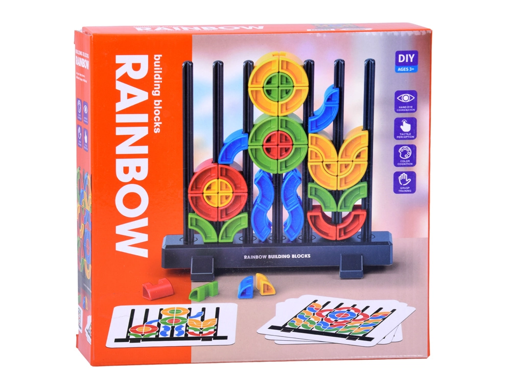 Tato kreativní vzdělávací vkládačka rozvíjí dětskou představivost i dovednosti: navlékáním a vrstvením barevných prvků na tyčky děti trénují přesnost prstů, koncentraci a vizuální vnímání. Díky kartám s předlohami mohou začátečníci snadno začít a postupně si přidávat na obtížnosti.
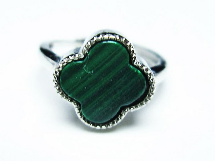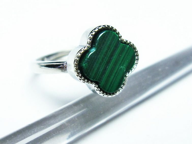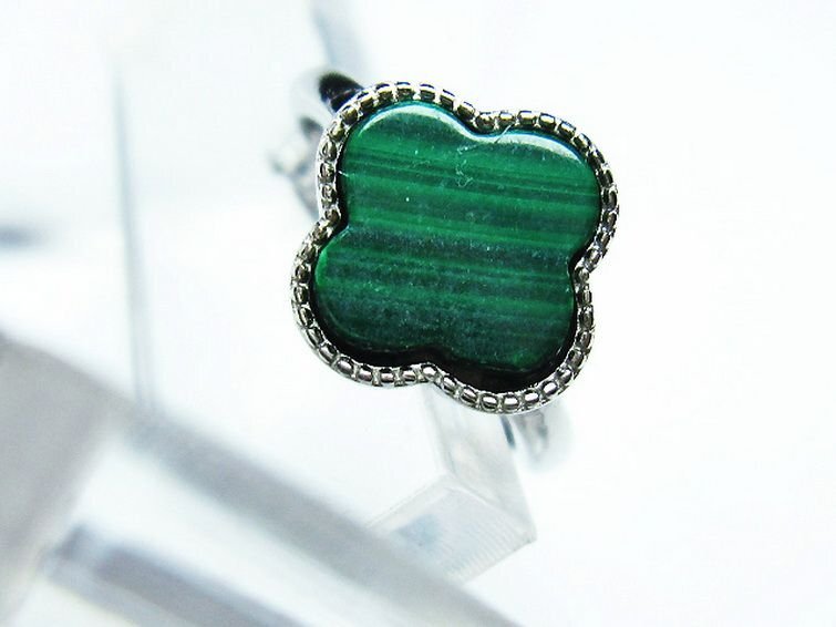 ■商品名: マラカイト指輪 ■商品ID: T290-1092 ■商品重量:約 2.8g ■商品サイズ:サイズ:13号 【マラカイト(孔雀石)】 孔雀の羽のような鮮やかな緑色と独自の縞模様を持つ天然石で、マラカイトは鮮やかかつ縞模様がくっきりと見えるものほど価値が高いとされています。 産地としてはロシアのウラル山脈にあるニジニ・タギリスクの銅鉱山が最も有名で、かつては日本でも秋田県にある荒川鉱山などで良質なマラカイトが産出されていました。 マラカイトの歴史は古く、古代エジプトでは紀元前3000年頃から顔料や化粧品の材料として用いられていたといわれています。 かの有名なクレオパトラも魔除けにマラカイトの粉末を油で溶いたものをアイシャドウとして使っていたという記録も残っています。 マラカイトは強い邪気払いのエネルギーを持ち、災いを事前に察知する能力を高めるとされているのでビジネス面でのお守りとして心強いサポートが得られるでしょう。 また精神と肉体の両方にヒーリング効果をもたらしてくれますので、ストレスで精神的に疲れてしまったり、しっかりとした休息が取れずに体力的に辛い時に身に着けることをおすすめします。 ⇒ マラカイトをもっと詳しく ◆ワンポイント情報 マラカイトは硬度が3.6~4と低いため衝撃を与えると割れてしまうので取り扱いには十分注意しましょう。 また、水分や塩分にも弱いので身に着けた後は柔らかい布で拭きとり、こまめにケアをするようにしてください。 |
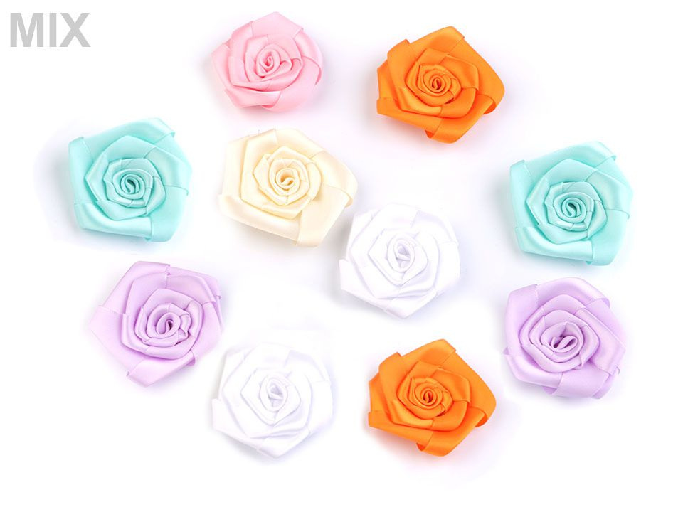 Použití: Růže jsou vhodné na ozdobení plesových šatů, svatebních šatů i šatů družiček, na výrobu broží, ozdob do vlasů apod. Využití najdou i ve floristice - například ve věncích nebo ve svatebních kyticích. Květiny můžete přišívat nebo lepit.
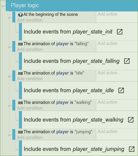 So let's get started by downloading the assets from the “” tutorial. Create a player as a “platformer object” and some platforms (“platform” behavior) to walk and jump on as described in the above-mentioned tutorial. Open the properties of the player object and create the animations “idle”, "walking","jumping" and "falling". Then create a string variable on the player object and call it “direction” with the value “right”. Switch to the event editor (“main” scene) and create these external events “playerstateinit”, “playerstatefalling”, “playerstateidle”, “playerstatewalking”, “playerstatejumping”. In the events of your main scene create a new event group from the drop-down menu on the right-hand side. Name it “Player logic”. Now add a "At the beginning of the scene" condition. Add a sub-event to the condition and link in the external event sheet “playerstateinit” via the “add”/”other” button. Do the same for all the other player states.
————
_WHAT NEEDS TO BE DONE_
Reproduce all of the material above word for word. Omit the pictures.

_ANSWER SPACE_
 Tato kreativní vzdělávací vkládačka rozvíjí dětskou představivost i dovednosti: navlékáním a vrstvením barevných prvků na tyčky děti trénují přesnost prstů, koncentraci a vizuální vnímání. Díky kartám s předlohami mohou začátečníci snadno začít a postupně si přidávat na obtížnosti.
 ■商品名: マラカイト指輪 ■商品ID: T290-1092 ■商品重量:約 2.8g ■商品サイズ:サイズ:13号 【マラカイト(孔雀石)】 孔雀の羽のような鮮やかな緑色と独自の縞模様を持つ天然石で、マラカイトは鮮やかかつ縞模様がくっきりと見えるものほど価値が高いとされています。 産地としてはロシアのウラル山脈にあるニジニ・タギリスクの銅鉱山が最も有名で、かつては日本でも秋田県にある荒川鉱山などで良質なマラカイトが産出されていました。 マラカイトの歴史は古く、古代エジプトでは紀元前3000年頃から顔料や化粧品の材料として用いられていたといわれています。 かの有名なクレオパトラも魔除けにマラカイトの粉末を油で溶いたものをアイシャドウとして使っていたという記録も残っています。 マラカイトは強い邪気払いのエネルギーを持ち、災いを事前に察知する能力を高めるとされているのでビジネス面でのお守りとして心強いサポートが得られるでしょう。 また精神と肉体の両方にヒーリング効果をもたらしてくれますので、ストレスで精神的に疲れてしまったり、しっかりとした休息が取れずに体力的に辛い時に身に着けることをおすすめします。 ⇒ マラカイトをもっと詳しく ◆ワンポイント情報 マラカイトは硬度が3.6~4と低いため衝撃を与えると割れてしまうので取り扱いには十分注意しましょう。 また、水分や塩分にも弱いので身に着けた後は柔らかい布で拭きとり、こまめにケアをするようにしてください。 |
 Použití: Růže jsou vhodné na ozdobení plesových šatů, svatebních šatů i šatů družiček, na výrobu broží, ozdob do vlasů apod. Využití najdou i ve floristice - například ve věncích nebo ve svatebních kyticích. Květiny můžete přišívat nebo lepit.
 So let's get started by downloading the assets from the “” tutorial. Create a player as a “platformer object” and some platforms (“platform” behavior) to walk and jump on as described in the above-mentioned tutorial. Open the properties of the player object and create the animations “idle”, "walking","jumping" and "falling". Then create a string variable on the player object and call it “direction” with the value “right”. Switch to the event editor (“main” scene) and create these external events “playerstateinit”, “playerstatefalling”, “playerstateidle”, “playerstatewalking”, “playerstatejumping”. In the events of your main scene create a new event group from the drop-down menu on the right-hand side. Name it “Player logic”. Now add a "At the beginning of the scene" condition. Add a sub-event to the condition and link in the external event sheet “playerstateinit” via the “add”/”other” button. Do the same for all the other player states.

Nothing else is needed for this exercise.